蒋介石于6月25日驱车到达北平,住进中南海。接着,又于6月27日派党国元老吴稚晖、孔祥熙,以及阎锡山派驻南京的代理人赵戴文三人,带着他的亲笔信去太原见阎锡山,请阎赴北平与蒋会商处理西北诸省的善后事宜。
阎锡山分析了全国军政形势,认为蒋介石不仅不敢把他扣做人质,而且还需要他安定华北和西北的局势。因此,他毅然决定亲赴北平和蒋介石会商。行前,为了安慰留居晋祠的冯玉祥,同时也为了继续向蒋介石施加压力,他电请国民党中央撤销对冯玉祥的一切处分。接着,就随吴稚晖、孔祥熙、赵俄文等人动身,于6月30日安抵北平。
“百川兄.你比我更了解这位丘八将军吧?”蒋介石先开,“有他在,西北数省会平安吗?你的山西会太平无事吗?再说,他对我耿耿于怀,还不就是没把华北花省、平津二市交给他吗?”

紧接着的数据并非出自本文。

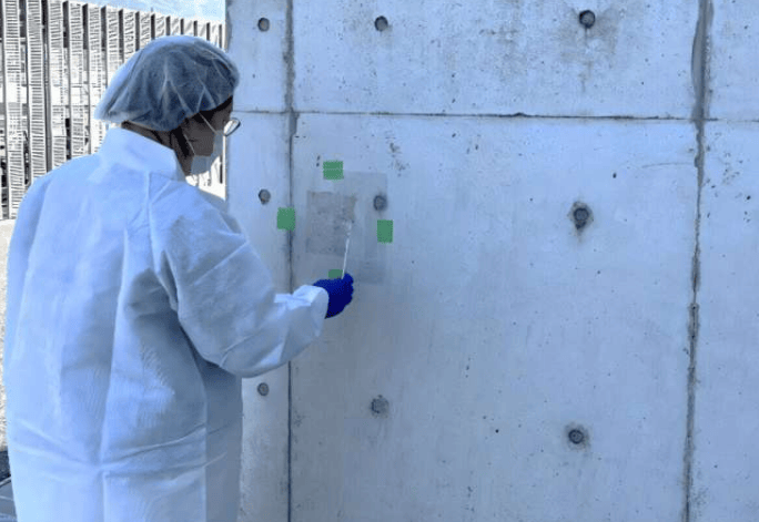 قام الباحثون بتسلسل جين 16S rRNA، وأخذوا عينات من سطح الخرسانة وداخلها ومن المواد الخام، واختبروا طريقتين: الحفر اللبي والتكسير بالمطرقة. وأشار أتسوشي تيراموتو، المؤلف المراسل للدراسة: "يتم دراسة العلاقة بين الميكروبيوم الخرساني والتدهور، لكن طرق أخذ العينات لم توحد بعد. إذا لم نفهم كيف تؤثر الطريقة على البيانات، فلن نتمكن من تطبيق المعلومات الميكروبية بشكل صحيح في التشخيص."
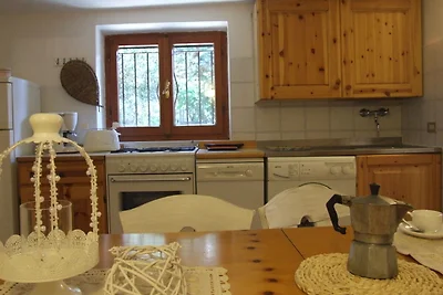 Pianterreno: (Soggiorno(divano letto singolo, caminetto), Cucina separata(TV(satellite), forno, lavastoviglie, frigorifero(+ congelatore), lavatrice)
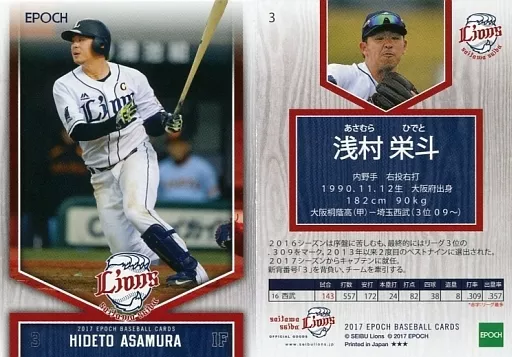 スポーツ/レギュラーカード/EPOCH ベースボールカード 2017 埼玉西武ライオンズ 3 [レギュラーカード] : 浅村栄斗(打者)(全身)

“这都是不言而喻的事,我看就不谈这些了。”阎锡山不愿听哄小孩的话,转而直奔会商的主题,“我这次来北平,就是想听听蒋先生的高见:我们应该怎样做,才能确保华北、西北,乃至全中国的和平。”
“首先,为确保华北、全国的和平,必须解决西北数省的和平。”
阎锡山没有答腔,也未做任何表示,只是微眯着他那双表情丰富的眼睛,做出洗耳恭听的样子。
“如何才能确保西北数省的和平呢?第一,必须把冯玉祥这个太上皇拿掉;第二,需要委任一个德高望重,且又没有私心的政治家接替冯玉祥,出掌西北军政大权。”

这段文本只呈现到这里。